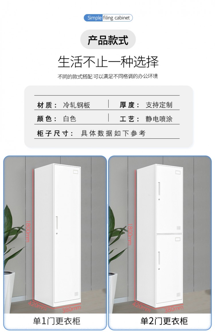星簡 鋼質(zhì)單門更衣柜 辦公室健身房浴室員工帶鎖儲物 廠家直營
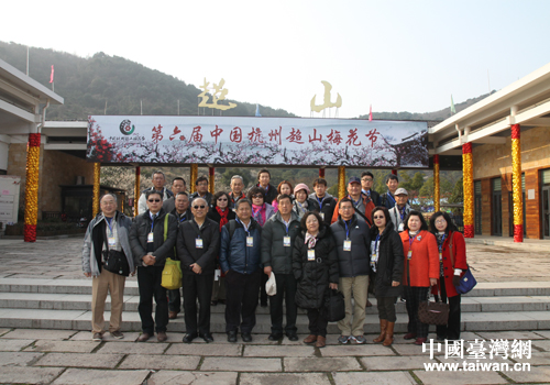 參訪團一行參觀第六屆中國杭州超山梅花節合影留念。(圖片來源:杭州市臺辦)
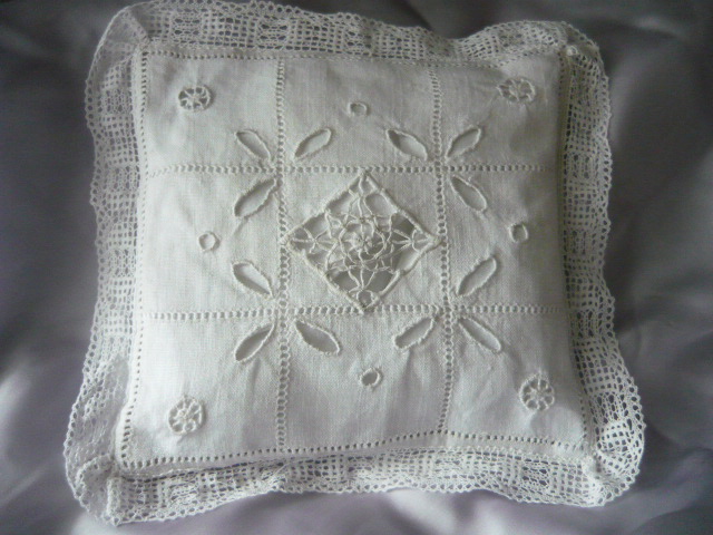 Charmant coussin brodé à la main *linge ancien collection blanc*
•••••
• _Your instructions_
Everything but the pictures is needed: copy the data above exactly.

• _Response to this exercise_
星簡 鋼質(zhì)單門更衣柜 辦公室健身房浴室員工帶鎖儲物 廠家直營
 參訪團一行參觀第六屆中國杭州超山梅花節合影留念。(圖片來源:杭州市臺辦)
 Charmant coussin brodé à la main *linge ancien collection blanc*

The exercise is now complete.